→ **What is required**
Repeat the records below exactly, from the first line through the line containing "经过北理工团队和波兰团队的多", and leave out any pictures.

→ **Information supplied**
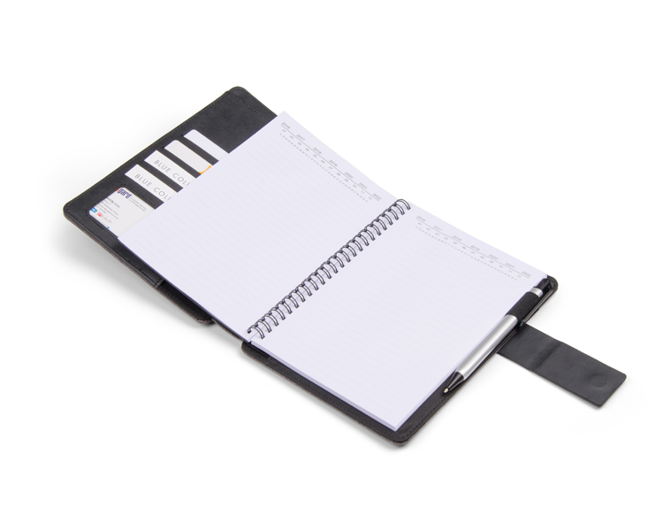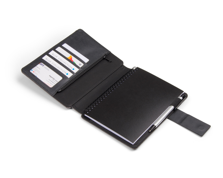 Wykonane z lnu zewnętrzne pokrycie teczki CARLIS posiada dwie kieszonki na telefon i pamięć USB. W środku znajduje się wymienny notes A5 (50 kartek w linie), duża kieszeń zamykana na zamek, miejsce na długopis oraz 4 małe kieszonki w tym 1 z okienkiem. Teczka zamykana jest za pomocą magnetycznego zatrzasku. Umieszczona na zatrzasku metalowa płytka pozwala na wykonanie efektownego grawerowania, który z pewnością podkreśli elegancki charakter teczki.
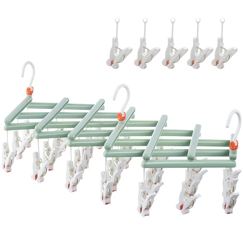 Cozyone Clothes Drying Rack with 29 Clothespins, 360-Degree Rotating Hooks, Multi-Function Storage, Foldable, Heavy-Duty, Wet/Dry Use, Green (Includes
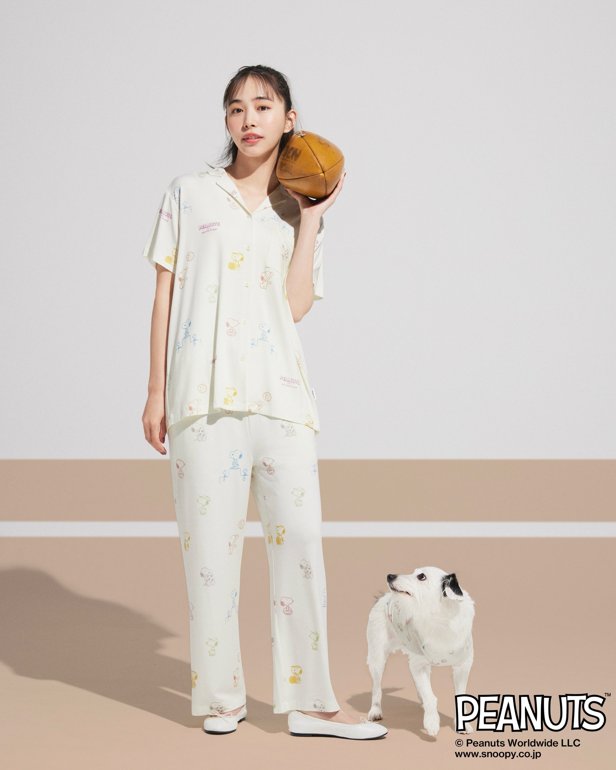 ベースボールや、サッカーそしてトロフィーなど、スポーツをモチーフとしたPEANUTSのアートを使用したルームウェア!お家で楽しくパリオリンピック・パラリンピックの応援も。
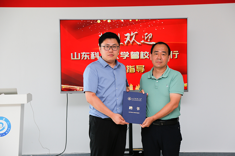 期間,學(xué)校與青島俊逸科技集團(tuán)有限公司簽署合作協(xié)議,并舉行了山東科技大學(xué)大學(xué)生就業(yè)創(chuàng)業(yè)實(shí)踐基地授牌儀式,曾慶田為王成剛頒發(fā)山東科技大學(xué)大學(xué)生就業(yè)創(chuàng)業(yè)導(dǎo)師聘書。
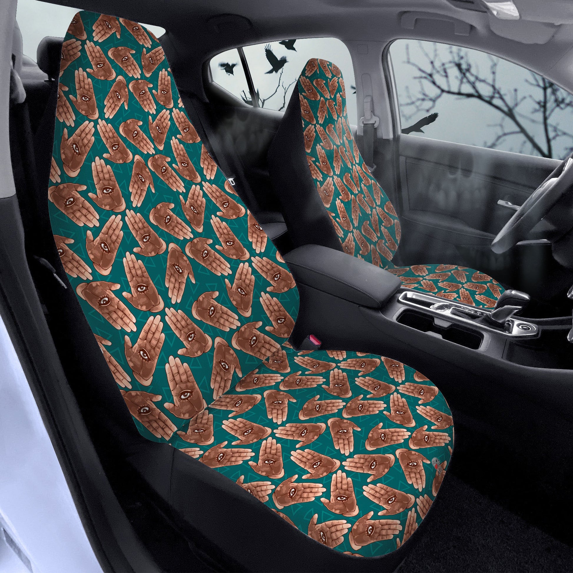 All-seeing palm car seat covers feature Exclusive, original artwork by NeoSkull inspired by occult art aesthetics. Each item is individually printed, cut, and sewn to ensure a flawless graphic with no imperfections. Perfect addition to your horrid car look.
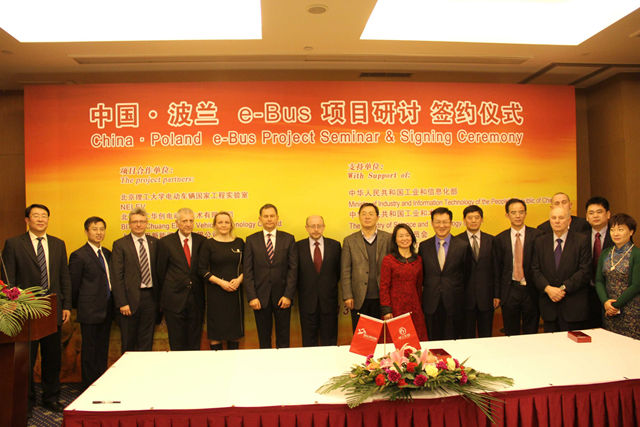 经过北理工团队和波兰团队的多次互访,2013年2月初,德赢AC米兰官网、北京理工华创电动车技术有限公司、上海电巴新能源科技有限公司等单位与波兰TAURON集团和华沙理工大学成功签订了“中波e-Bus项目”合作协议。通过该项目,北理工的电动客车技术和产品将授权波兰公司使用,并由波兰开拓欧洲市场,在欧盟范围内推广和应用。项目启动时得到国家科技部和北京市政府的支持,成为外交部和科技部的督办项目。
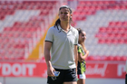 Aguascalientes, Aguascalientes, 1 de abril de 2026. Oscar Fernández, director técnico, durante el partido correspondiente a la jornada 15 del torneo Clausura 2026 de la Liga BBVA MX Femenil, entre las Centellas del Necaxa y las Bravas de FC Juárez, realizado en el estadio Victoria. Foto: Imago7/ Pablo Ramírez
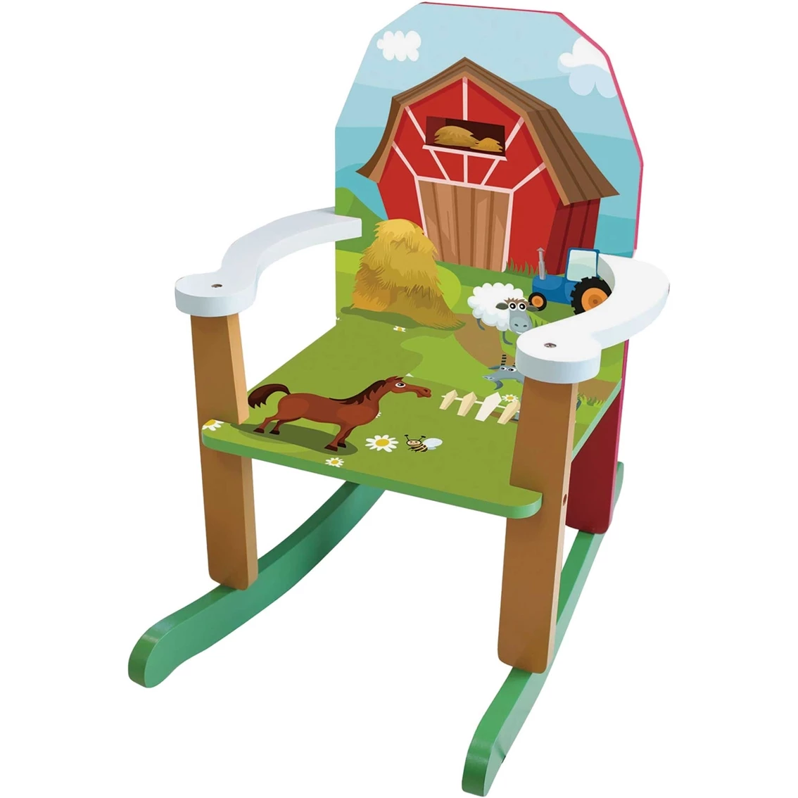 The Homewear Farm Rocking Chair is a perfect child-sized designed wooden rocking chair. The colorful farm print is great for your home and nursery. Model: 980M.
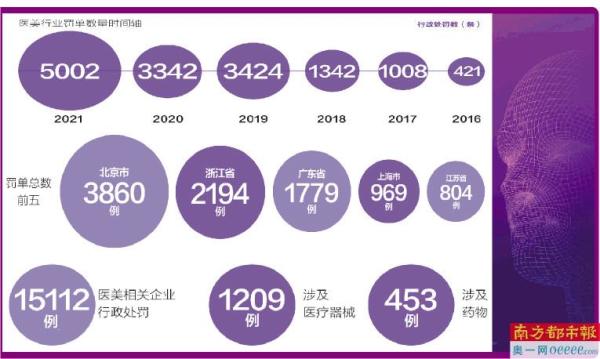 截至2021年12月31日,各级监管部门共开出15112张行政处罚单。本文从时间轴、地域图、处罚原因、处罚措施等多角度进行梳理分析,透视医美执法焦点。
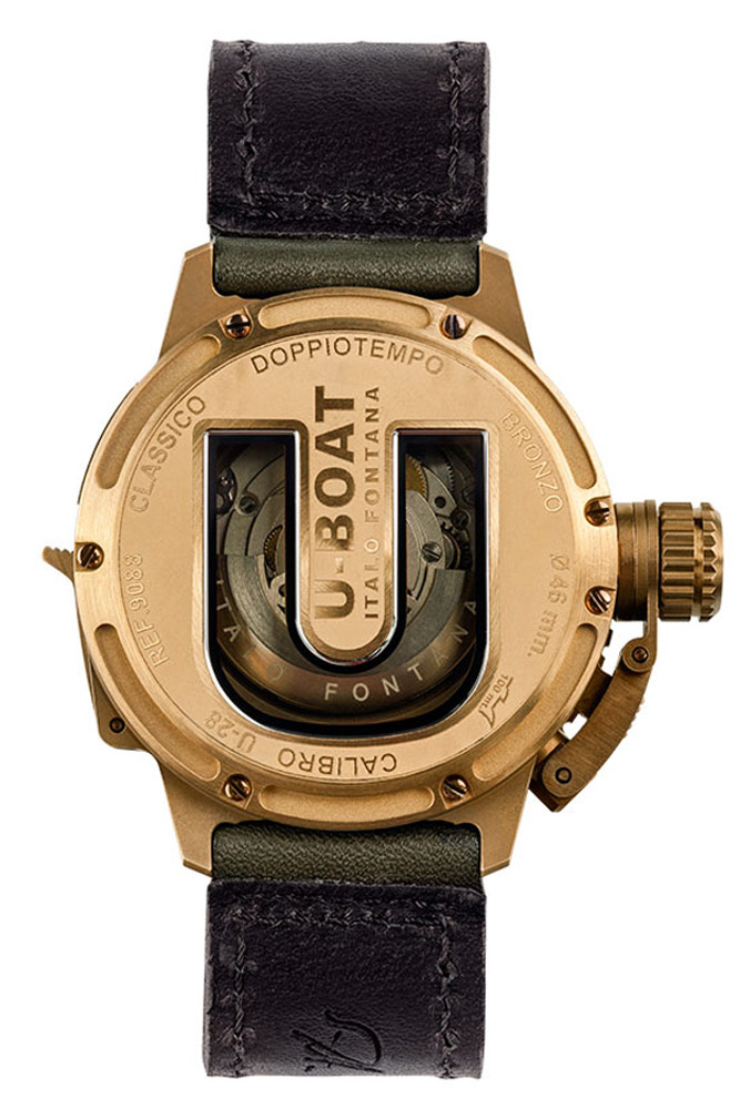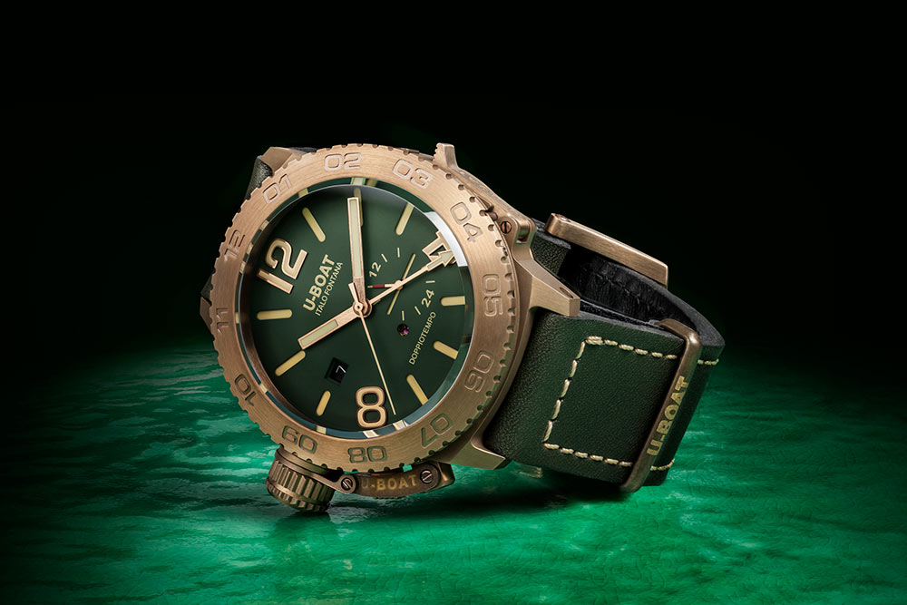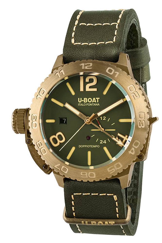 K pouzdru byla připevněna přídavná hodinová stupnice, která ve spolupráci s jednou ručičkou umožňuje uživateli orientovat se ve dvou časech současně. Jedinečný a osobitý design tvoří také reverz hodinek, který odhaluje část švýcarského Machineku v podobě koncepčního U – typického pro značku U-Boat. Vrcholem celku je kvalitní, ručně zpracovaný, zelený kožený řemínek, který skvěle doplňuje vznešenou třídu rozeznívající se z toho nejmenšího kousku hodinek. Řemínek 22/22 mm se zapíná na sponu - rovněž z bronzu.
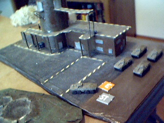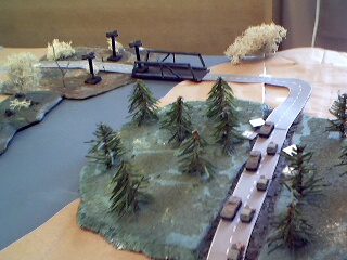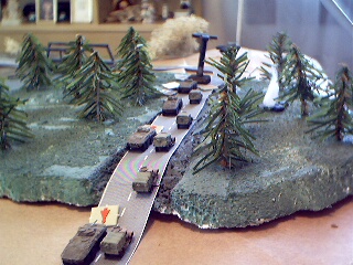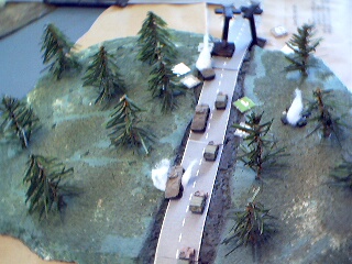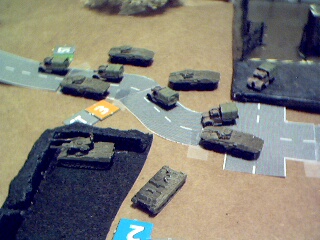 As the convoy started out along the road, a hidden marker was revealed: Hunter-Killer VTOLs! They were at the south side of the bridge and heading along the convoys path. It was the Technoids move and the VTOLs attacked, thinking it was like shooting fish in the barrel, only to be met by a hail of autocannon fire (from the escorts taking opportunity fire). The lead VTOL crashed and burned in the woods and and the Command VTOL was damaged.

→ **The completed task**
 Wykonane z lnu zewnętrzne pokrycie teczki CARLIS posiada dwie kieszonki na telefon i pamięć USB. W środku znajduje się wymienny notes A5 (50 kartek w linie), duża kieszeń zamykana na zamek, miejsce na długopis oraz 4 małe kieszonki w tym 1 z okienkiem. Teczka zamykana jest za pomocą magnetycznego zatrzasku. Umieszczona na zatrzasku metalowa płytka pozwala na wykonanie efektownego grawerowania, który z pewnością podkreśli elegancki charakter teczki.
 Cozyone Clothes Drying Rack with 29 Clothespins, 360-Degree Rotating Hooks, Multi-Function Storage, Foldable, Heavy-Duty, Wet/Dry Use, Green (Includes
 ベースボールや、サッカーそしてトロフィーなど、スポーツをモチーフとしたPEANUTSのアートを使用したルームウェア!お家で楽しくパリオリンピック・パラリンピックの応援も。
 期間,學(xué)校與青島俊逸科技集團(tuán)有限公司簽署合作協(xié)議,并舉行了山東科技大學(xué)大學(xué)生就業(yè)創(chuàng)業(yè)實(shí)踐基地授牌儀式,曾慶田為王成剛頒發(fā)山東科技大學(xué)大學(xué)生就業(yè)創(chuàng)業(yè)導(dǎo)師聘書。
 All-seeing palm car seat covers feature Exclusive, original artwork by NeoSkull inspired by occult art aesthetics. Each item is individually printed, cut, and sewn to ensure a flawless graphic with no imperfections. Perfect addition to your horrid car look.
 经过北理工团队和波兰团队的多次互访,2013年2月初,德赢AC米兰官网、北京理工华创电动车技术有限公司、上海电巴新能源科技有限公司等单位与波兰TAURON集团和华沙理工大学成功签订了“中波e-Bus项目”合作协议。通过该项目,北理工的电动客车技术和产品将授权波兰公司使用,并由波兰开拓欧洲市场,在欧盟范围内推广和应用。项目启动时得到国家科技部和北京市政府的支持,成为外交部和科技部的督办项目。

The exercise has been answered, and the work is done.